What the task asks — In the records below, repeat exactly the lines between the line holding "Набор 4 шт." and the line holding "Campobasso, nella serata", inclusive, and drop the pictures.

Supplied data —
---+---

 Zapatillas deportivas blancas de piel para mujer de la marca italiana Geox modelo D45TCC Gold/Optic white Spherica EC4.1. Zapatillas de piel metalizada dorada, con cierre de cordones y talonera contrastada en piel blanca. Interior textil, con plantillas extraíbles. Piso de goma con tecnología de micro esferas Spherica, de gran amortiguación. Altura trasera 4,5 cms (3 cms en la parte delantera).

---+---

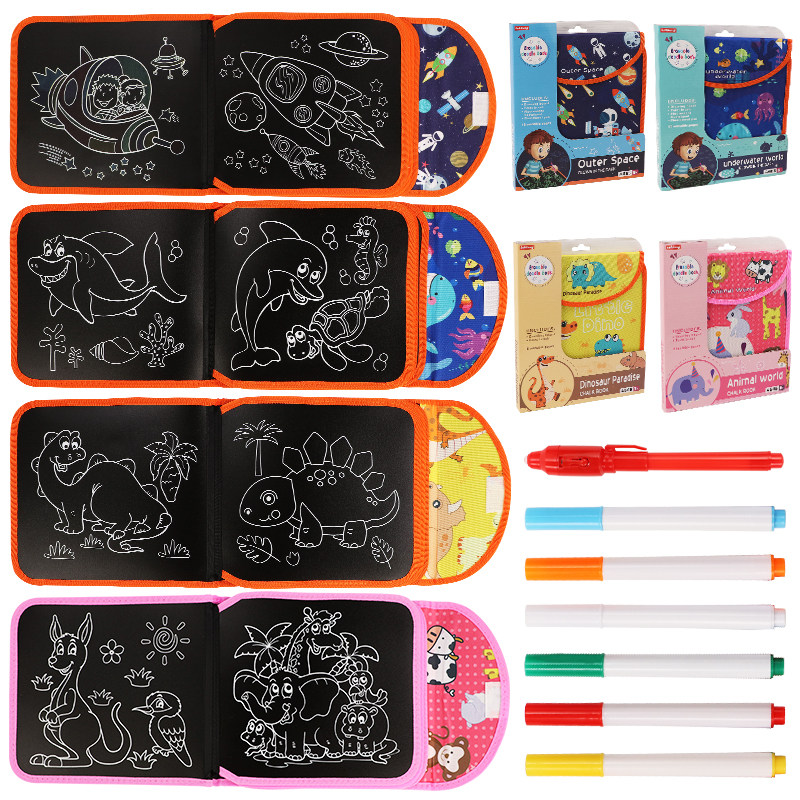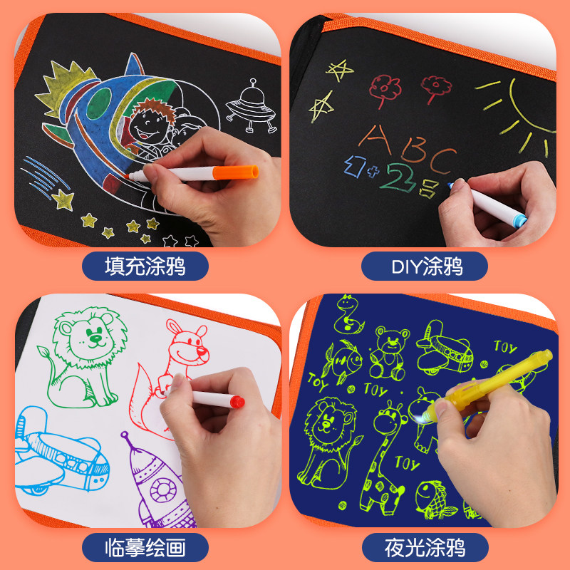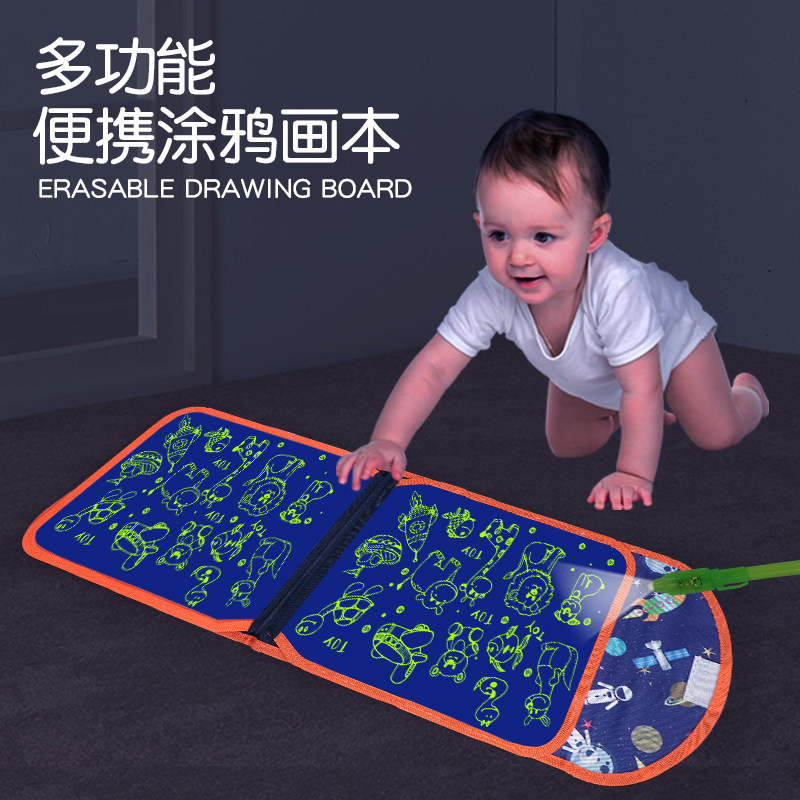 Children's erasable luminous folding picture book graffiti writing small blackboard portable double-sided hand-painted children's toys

---+---

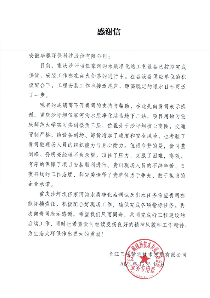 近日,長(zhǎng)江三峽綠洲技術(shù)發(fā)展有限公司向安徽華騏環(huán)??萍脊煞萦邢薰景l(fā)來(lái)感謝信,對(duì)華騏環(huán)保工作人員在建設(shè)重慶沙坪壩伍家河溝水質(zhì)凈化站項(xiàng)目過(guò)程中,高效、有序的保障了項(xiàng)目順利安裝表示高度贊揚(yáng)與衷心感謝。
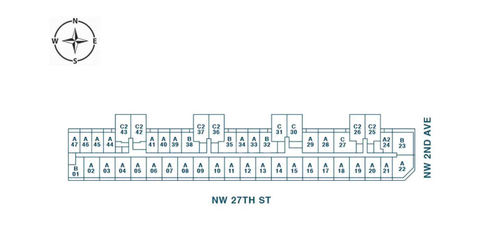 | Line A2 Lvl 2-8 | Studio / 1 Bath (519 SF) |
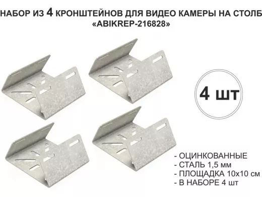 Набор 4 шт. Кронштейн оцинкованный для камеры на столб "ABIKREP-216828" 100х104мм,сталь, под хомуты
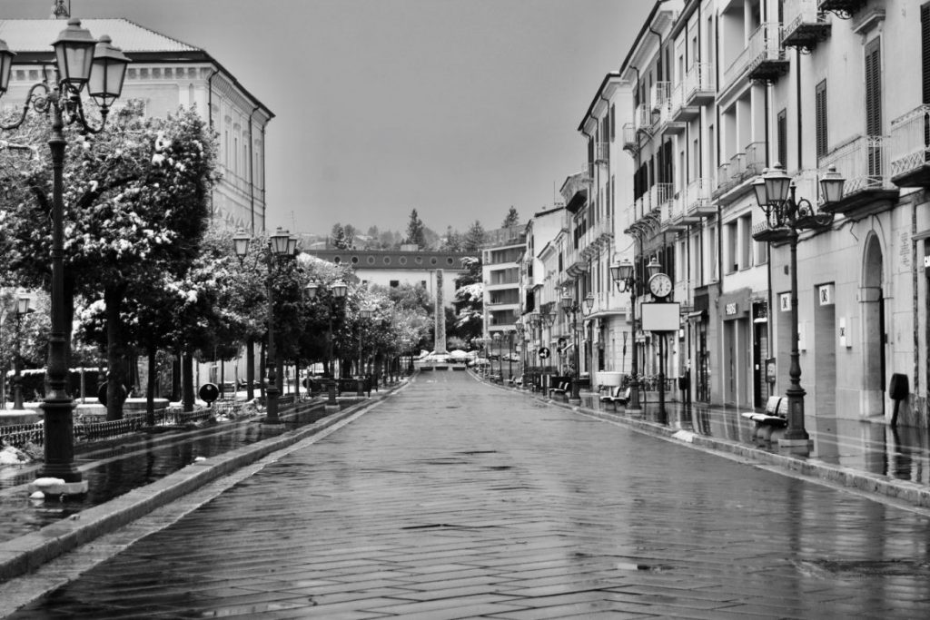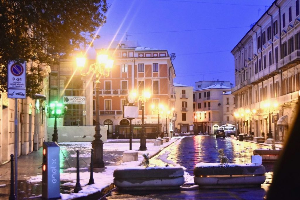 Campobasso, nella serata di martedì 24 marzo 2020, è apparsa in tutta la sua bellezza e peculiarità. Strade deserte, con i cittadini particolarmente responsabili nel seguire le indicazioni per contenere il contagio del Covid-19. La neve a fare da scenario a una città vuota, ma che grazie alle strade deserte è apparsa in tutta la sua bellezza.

---+---

Answer to the exercise —
 Набор 4 шт. Кронштейн оцинкованный для камеры на столб "ABIKREP-216828" 100х104мм,сталь, под хомуты
 Campobasso, nella serata di martedì 24 marzo 2020, è apparsa in tutta la sua bellezza e peculiarità. Strade deserte, con i cittadini particolarmente responsabili nel seguire le indicazioni per contenere il contagio del Covid-19. La neve a fare da scenario a una città vuota, ma che grazie alle strade deserte è apparsa in tutta la sua bellezza.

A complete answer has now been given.